As the map to which you gave a link shows, most ekavian dialects of Croatian are those spoken in the northwestern kajkavian areas, which tend to be extremely different from any dialect of Serbian (and from the standard Croatian too, for that matter). In Slovenian, what was once yat is also written and pronounced the "ekavian" way.


----------



## frumos

Thank you for your answers!
As for the mutation of _yat_ vowel, indeed it has mutated differently in all slavic languages. I don't know whether you know, but in Bulgarian for instance, just like in the former Serbo-Croatian language, we have also two equivalents of _yat _: in western Bulgaria it has transformed into an _e_, just like in serbian, so words are pronounced this way : _bel_ (white), _dedo_ (grandpa), _mleko _(milk). In eastern Bulgaria however, it has transformed into a _я (ja) _so the same words would sound this way : _bjal, djado, mljako. _This is in fact the "official" pronunciation of the words, and even in western Bulgaria most of people pronounce _bjal. _The_ bel-_form is only used in the everyday language, and nobody writes this word that way.
Here you can find a map for more information upload.wikimedia.org/wikipedia/commons/2/2c/Bgmap_yat.png .


----------



## !netko!

Hi, frumos

Chakavian Ekavian has nothing to do with Serbian Ekavian. The pronunciation of yat is completely different in Chakavian ekavian. In Shtokavian Ekavian, "e" is either long or short. In Shtokavian Ikavian, "i" is either long or short. They taught us in school to think of whether a word has a long or short "i" in it in Shtokavian Ikavian if we weren't sure about every Croatian school kid's nightmare: ije/je. It can also be sone by thinking about the "e" in Shtokavian Ekavian. 

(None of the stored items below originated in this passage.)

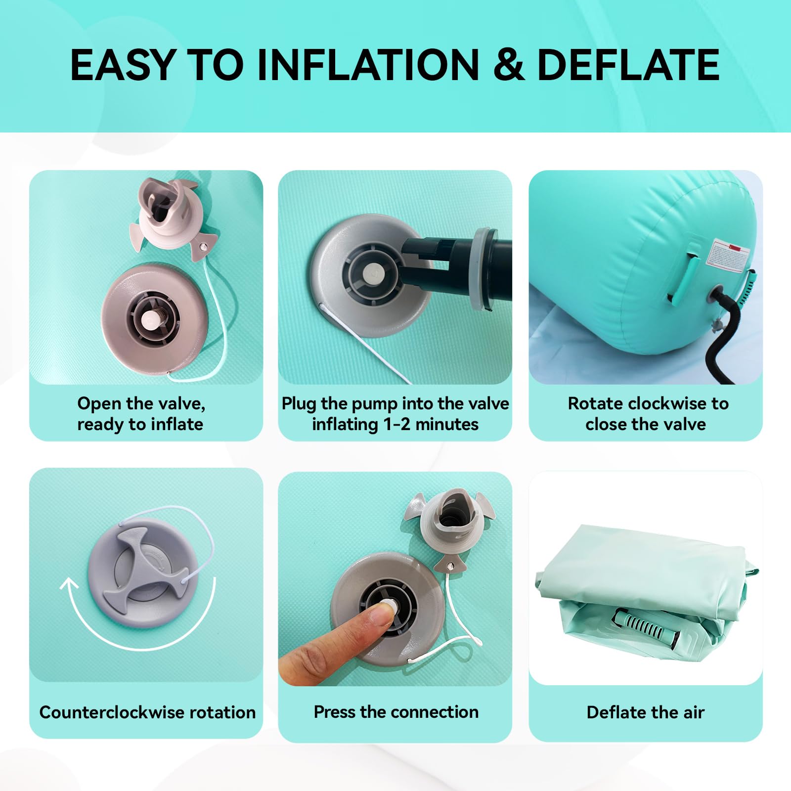 - Schnelles Aufblasen: Mit der mitgelieferten elektrischen Luftpumpe ist die Rolle in nur 1-2 Minuten einsatzbereit oder wieder entleert.
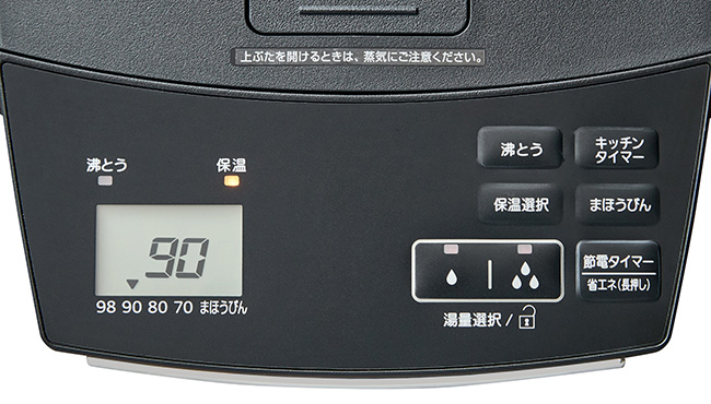 お好みの湯温(98・90・80・70)に設定でき、設定される保温温度になると湯沸かしが終了します。
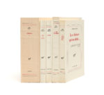id., 1975. Lh., 389-390 /// 604-(3f.). Édition originale de cet ensemble de volumes formant les tomes I et II du Miroir des limbes. 23 planches hors texte pour La Tête d'obsidienne. Un des 80 exemplaires de tête sur vélin de Hollande Van Gelder (n° 4) pour les Antimémoires. Et sur vélin pur fil pour les autres volumes (respectivement n° 90, 115, 260 et 288).

But in Chakavian, the yat is *always* short. You can't determine if, for example, the standard Croatian word "mlijeko" has "ije" or "je" in it by thinking about the pronunciation of the Chakavian word mliko/mleko. That's because it's pronounced with the accent on the last syllable and the first syllable pronounced rapidly, kind of like: mli*koo/*mle*koo. *In both Ekavian Shtokavian and Ikavian Shtokavian the yat would be long: *mlii*ko/*mlee*ko.

So the Chakavian Ikavian yat isn't the same as the Shtokavian Ikavian yat and the Chakavian Ekavian yat isn't the same as Shtokavian Ekavian yat. All are separate realisations of yat in their own right.
At least that's the case with the Chakavian speeches from where I grew up. 

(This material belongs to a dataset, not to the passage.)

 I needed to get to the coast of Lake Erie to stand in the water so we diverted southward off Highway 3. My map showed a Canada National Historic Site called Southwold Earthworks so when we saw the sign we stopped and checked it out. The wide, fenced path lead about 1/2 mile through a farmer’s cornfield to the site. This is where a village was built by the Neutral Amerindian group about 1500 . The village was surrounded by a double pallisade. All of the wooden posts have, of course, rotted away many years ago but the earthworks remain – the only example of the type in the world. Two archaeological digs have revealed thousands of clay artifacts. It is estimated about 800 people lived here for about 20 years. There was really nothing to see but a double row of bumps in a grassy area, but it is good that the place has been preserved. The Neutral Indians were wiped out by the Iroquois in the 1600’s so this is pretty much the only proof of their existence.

Kajkavian I know more or less nothing about.


Hope that helps 

Btw, frumos, I didn't know that about Bulgarian. Interesting. So would it be ekavian and *jakavian* Bulgarian then?


----------



## frumos

!netko! said:


> That's because it's pronounced with the accent on the last syllable and the first syllable pronounced rapidly, kind of like: mli*koo/*mle*koo. *In both Ekavian Shtokavian and Ikavian Shtokavian the yat would be long: *mlii*ko/*mlee*ko.


Very interesting! That means that chakavian "E" is more or less pronounced the same way as in Bulgarian : in fact in standard Bulgarian (based on eastern dialects), the yat vowel is pronounced as "ja" if accentuated, and as an "e" if not. That's why some words can be pronounced and even written in two different ways. Fore example milk can be pronounced and written either as _mljAko _(you have then to stress the first syllable) or_ mlekO_ (the accent is on the final o, just like in chakavian). But this rule is strictly respected only in eastern Bulgaria - in the west you'll nearly always hear mlEko (with a stressed E). In standard Bulgarian, we don't make any difference between short and long vowels.



!netko! said:


> Btw, frumos, I didn't know that about Bulgarian. Interesting. So would it be ekavian and *jakavian* Bulgarian then?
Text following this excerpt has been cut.